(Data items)
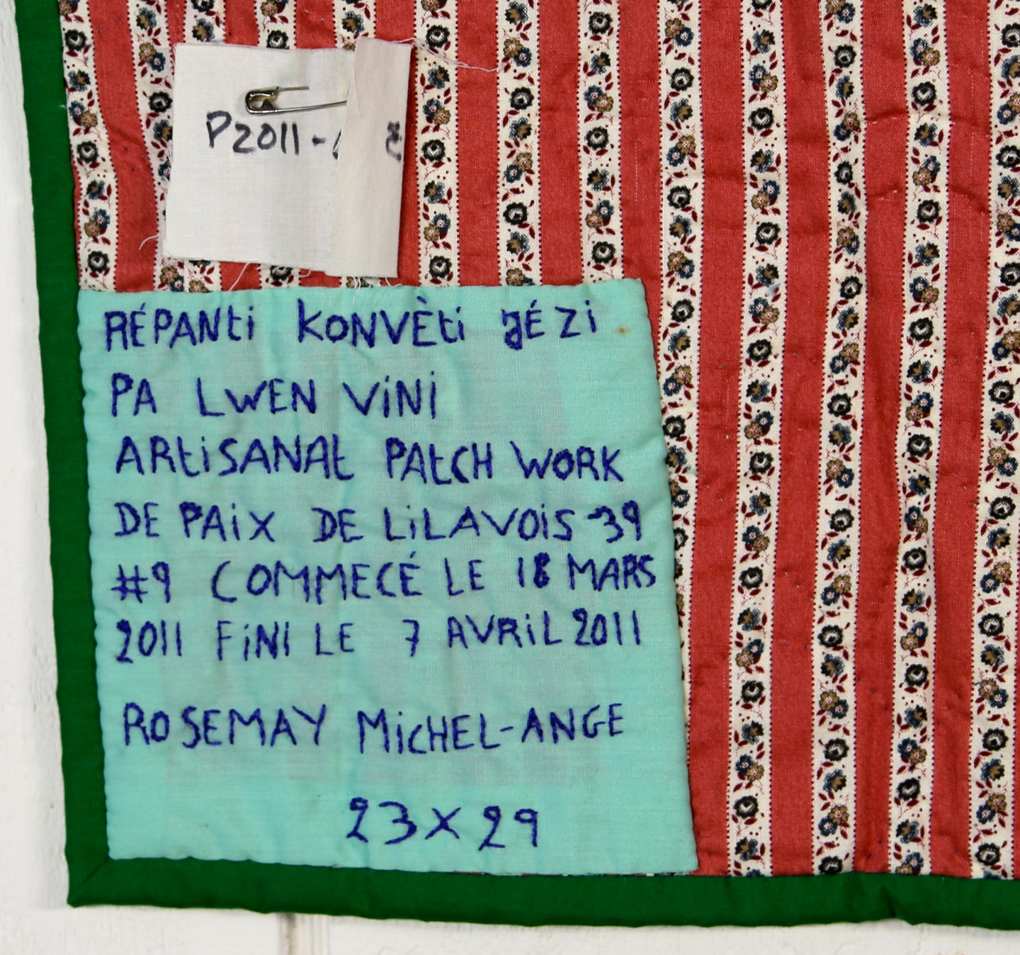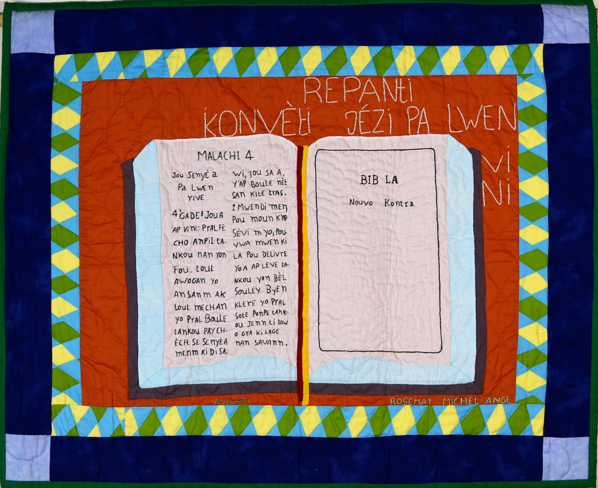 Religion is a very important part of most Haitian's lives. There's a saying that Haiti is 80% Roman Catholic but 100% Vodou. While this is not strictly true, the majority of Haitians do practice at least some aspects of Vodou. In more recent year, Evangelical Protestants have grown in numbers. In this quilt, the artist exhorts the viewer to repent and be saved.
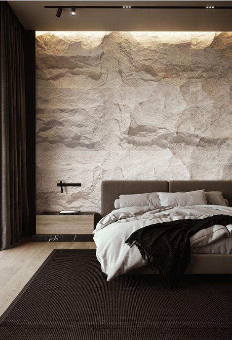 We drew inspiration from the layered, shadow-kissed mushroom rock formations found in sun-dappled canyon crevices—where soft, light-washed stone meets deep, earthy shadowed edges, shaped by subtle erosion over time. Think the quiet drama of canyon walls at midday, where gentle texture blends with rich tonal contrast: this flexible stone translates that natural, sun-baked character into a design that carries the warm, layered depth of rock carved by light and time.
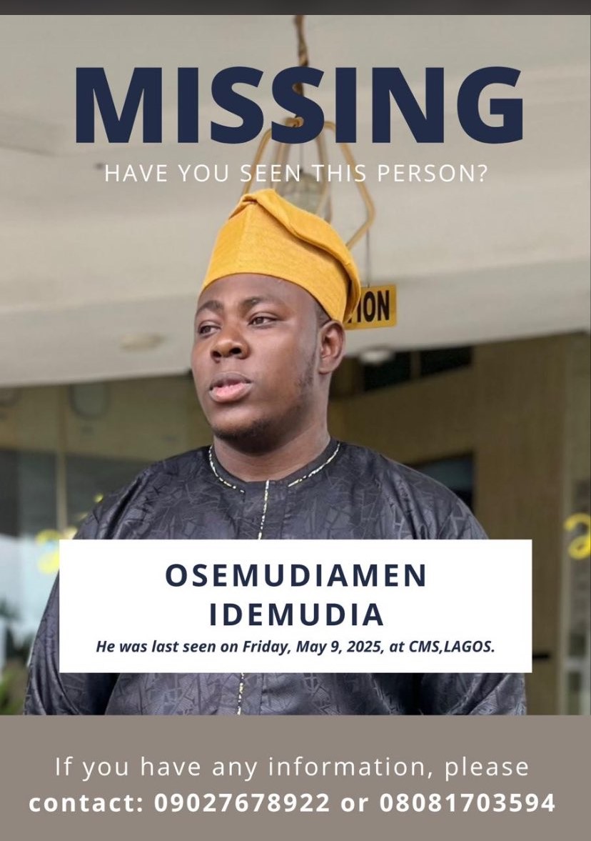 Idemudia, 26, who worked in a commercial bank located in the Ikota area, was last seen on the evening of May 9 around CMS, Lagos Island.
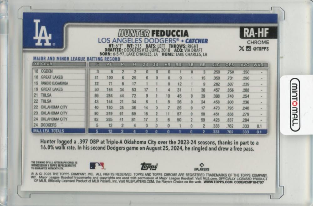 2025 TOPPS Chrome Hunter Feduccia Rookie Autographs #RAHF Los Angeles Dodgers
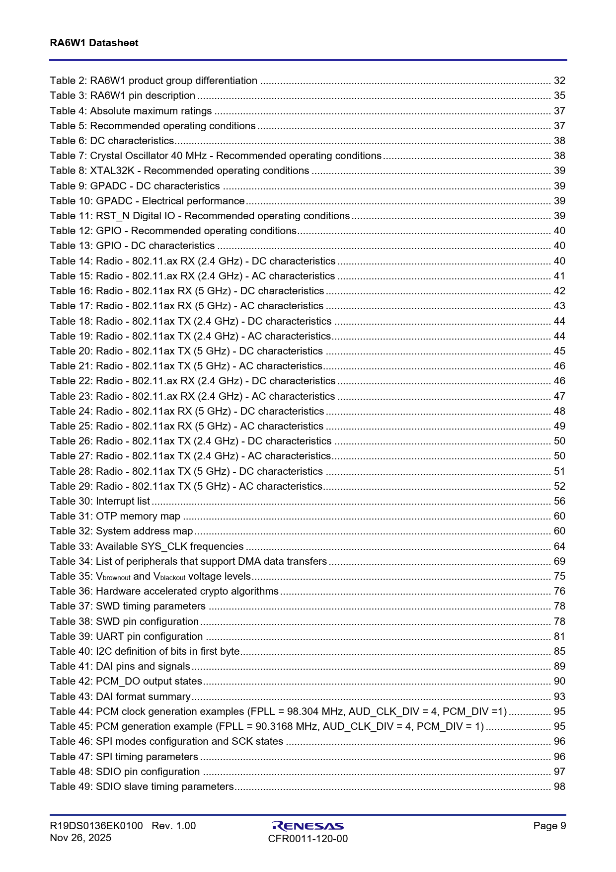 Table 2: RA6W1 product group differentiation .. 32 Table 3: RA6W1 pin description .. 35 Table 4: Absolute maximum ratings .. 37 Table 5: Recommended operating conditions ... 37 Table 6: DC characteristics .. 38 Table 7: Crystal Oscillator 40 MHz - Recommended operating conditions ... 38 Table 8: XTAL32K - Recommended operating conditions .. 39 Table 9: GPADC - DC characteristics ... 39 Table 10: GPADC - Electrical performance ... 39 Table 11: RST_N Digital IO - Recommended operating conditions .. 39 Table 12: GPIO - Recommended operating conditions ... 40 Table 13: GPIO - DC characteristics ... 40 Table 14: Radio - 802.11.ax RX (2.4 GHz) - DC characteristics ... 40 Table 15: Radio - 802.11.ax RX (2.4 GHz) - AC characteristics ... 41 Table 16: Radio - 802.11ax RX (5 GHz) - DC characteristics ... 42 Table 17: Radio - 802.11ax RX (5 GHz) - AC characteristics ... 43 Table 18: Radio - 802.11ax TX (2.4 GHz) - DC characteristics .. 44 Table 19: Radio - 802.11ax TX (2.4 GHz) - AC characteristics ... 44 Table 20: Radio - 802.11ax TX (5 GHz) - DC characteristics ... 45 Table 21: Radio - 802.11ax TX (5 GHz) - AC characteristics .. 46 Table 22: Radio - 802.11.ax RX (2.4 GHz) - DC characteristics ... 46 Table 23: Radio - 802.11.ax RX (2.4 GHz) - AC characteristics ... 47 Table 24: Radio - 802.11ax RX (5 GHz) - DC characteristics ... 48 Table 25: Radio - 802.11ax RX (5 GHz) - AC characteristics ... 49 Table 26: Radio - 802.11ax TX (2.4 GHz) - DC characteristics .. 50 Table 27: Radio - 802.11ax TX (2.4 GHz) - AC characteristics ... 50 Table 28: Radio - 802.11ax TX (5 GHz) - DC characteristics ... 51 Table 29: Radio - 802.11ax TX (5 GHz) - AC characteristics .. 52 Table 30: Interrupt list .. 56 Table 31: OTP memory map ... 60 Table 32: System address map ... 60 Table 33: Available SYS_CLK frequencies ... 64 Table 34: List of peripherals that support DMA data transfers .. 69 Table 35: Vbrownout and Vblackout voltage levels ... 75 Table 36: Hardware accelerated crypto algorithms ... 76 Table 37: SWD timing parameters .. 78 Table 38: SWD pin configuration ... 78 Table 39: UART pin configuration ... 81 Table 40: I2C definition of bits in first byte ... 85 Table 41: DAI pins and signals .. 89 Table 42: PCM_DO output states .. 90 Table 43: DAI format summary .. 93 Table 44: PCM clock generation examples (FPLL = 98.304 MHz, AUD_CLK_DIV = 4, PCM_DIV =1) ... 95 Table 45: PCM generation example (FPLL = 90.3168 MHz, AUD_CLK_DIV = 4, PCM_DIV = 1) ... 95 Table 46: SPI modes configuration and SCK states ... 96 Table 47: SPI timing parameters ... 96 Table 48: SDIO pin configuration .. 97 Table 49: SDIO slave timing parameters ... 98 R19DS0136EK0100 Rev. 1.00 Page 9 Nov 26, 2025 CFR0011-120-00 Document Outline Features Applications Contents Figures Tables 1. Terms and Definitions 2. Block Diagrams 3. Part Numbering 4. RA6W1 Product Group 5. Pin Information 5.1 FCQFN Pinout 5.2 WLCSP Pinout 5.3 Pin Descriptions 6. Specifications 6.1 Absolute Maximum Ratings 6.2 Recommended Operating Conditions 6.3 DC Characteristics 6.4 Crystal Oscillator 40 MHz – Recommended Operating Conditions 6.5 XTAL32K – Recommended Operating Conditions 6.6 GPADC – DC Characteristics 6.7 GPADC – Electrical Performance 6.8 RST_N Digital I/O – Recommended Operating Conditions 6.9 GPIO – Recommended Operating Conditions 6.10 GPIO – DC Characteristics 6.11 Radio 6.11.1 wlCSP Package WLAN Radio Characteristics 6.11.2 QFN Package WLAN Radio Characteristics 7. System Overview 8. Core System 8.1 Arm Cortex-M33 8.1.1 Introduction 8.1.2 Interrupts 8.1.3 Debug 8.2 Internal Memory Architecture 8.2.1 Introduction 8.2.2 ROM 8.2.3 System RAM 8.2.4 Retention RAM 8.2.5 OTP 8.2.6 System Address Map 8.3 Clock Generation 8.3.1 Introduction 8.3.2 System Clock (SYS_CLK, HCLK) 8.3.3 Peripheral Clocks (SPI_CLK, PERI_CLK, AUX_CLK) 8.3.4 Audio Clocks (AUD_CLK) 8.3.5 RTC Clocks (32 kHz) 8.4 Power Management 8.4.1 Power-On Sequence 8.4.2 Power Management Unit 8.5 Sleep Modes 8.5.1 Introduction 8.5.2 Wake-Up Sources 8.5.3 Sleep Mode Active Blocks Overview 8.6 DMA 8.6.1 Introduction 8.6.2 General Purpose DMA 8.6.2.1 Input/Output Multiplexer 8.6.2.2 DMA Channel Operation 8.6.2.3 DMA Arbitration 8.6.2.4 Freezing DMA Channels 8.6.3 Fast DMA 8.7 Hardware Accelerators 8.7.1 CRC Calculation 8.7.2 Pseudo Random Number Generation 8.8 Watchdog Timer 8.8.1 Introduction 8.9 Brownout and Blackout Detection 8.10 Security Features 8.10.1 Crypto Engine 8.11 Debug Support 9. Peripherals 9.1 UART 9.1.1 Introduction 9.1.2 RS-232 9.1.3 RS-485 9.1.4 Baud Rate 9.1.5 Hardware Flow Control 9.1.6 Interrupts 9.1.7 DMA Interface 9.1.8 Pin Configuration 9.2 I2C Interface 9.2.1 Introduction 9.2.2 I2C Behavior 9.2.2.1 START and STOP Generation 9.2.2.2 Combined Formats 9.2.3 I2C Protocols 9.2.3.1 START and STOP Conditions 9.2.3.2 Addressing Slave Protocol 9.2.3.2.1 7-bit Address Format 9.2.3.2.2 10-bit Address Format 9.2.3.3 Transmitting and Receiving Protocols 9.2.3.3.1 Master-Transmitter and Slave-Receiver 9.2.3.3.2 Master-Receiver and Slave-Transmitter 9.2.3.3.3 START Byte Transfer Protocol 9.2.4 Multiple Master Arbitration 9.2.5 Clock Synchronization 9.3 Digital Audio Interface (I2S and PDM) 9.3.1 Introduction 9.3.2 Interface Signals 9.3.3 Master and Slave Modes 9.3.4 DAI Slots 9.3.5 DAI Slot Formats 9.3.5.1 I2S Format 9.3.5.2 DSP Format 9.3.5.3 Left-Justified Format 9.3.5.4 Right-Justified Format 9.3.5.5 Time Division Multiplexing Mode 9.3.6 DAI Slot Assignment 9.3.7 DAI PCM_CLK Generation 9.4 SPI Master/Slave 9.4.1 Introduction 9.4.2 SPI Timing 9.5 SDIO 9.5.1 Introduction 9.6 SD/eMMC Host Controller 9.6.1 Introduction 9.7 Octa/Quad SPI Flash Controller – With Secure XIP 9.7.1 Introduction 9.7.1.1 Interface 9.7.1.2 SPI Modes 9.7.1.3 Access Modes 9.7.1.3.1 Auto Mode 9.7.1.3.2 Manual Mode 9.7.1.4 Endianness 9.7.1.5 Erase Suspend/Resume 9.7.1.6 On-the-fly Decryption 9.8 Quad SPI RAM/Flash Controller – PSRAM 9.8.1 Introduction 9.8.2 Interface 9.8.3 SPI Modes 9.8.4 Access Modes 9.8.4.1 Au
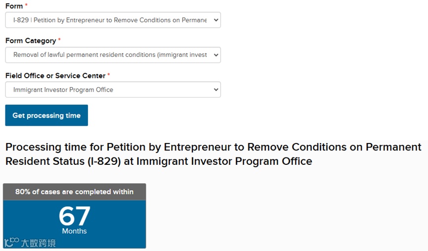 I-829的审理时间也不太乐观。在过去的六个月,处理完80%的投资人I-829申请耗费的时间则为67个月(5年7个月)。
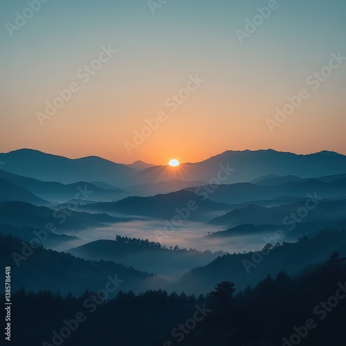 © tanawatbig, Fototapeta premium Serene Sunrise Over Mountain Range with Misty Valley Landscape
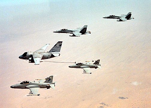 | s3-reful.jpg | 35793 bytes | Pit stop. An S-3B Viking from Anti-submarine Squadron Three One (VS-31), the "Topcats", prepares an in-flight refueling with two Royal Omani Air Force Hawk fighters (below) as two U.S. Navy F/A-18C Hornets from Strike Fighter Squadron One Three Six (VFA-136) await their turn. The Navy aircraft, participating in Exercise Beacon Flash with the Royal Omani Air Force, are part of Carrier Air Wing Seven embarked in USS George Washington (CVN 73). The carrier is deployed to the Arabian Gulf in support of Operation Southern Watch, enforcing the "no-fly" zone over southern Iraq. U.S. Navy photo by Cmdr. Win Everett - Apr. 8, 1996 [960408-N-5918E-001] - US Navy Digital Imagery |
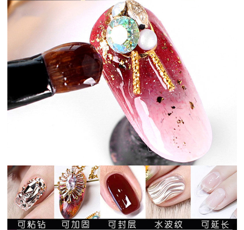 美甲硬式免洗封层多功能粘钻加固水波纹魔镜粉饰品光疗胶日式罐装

*WHAT IS BEING ASKED*.
Nothing outside the stretch above, from the line with "I-829的审理时间也不太乐" through the line with "Misty Valley Landscape", is set down. Transcribe that stretch exactly, ends included, but not its pictures.

*SOLUTION TO THIS EXERCISE*.
 I-829的审理时间也不太乐观。在过去的六个月,处理完80%的投资人I-829申请耗费的时间则为67个月(5年7个月)。
 © tanawatbig, Fototapeta premium Serene Sunrise Over Mountain Range with Misty Valley Landscape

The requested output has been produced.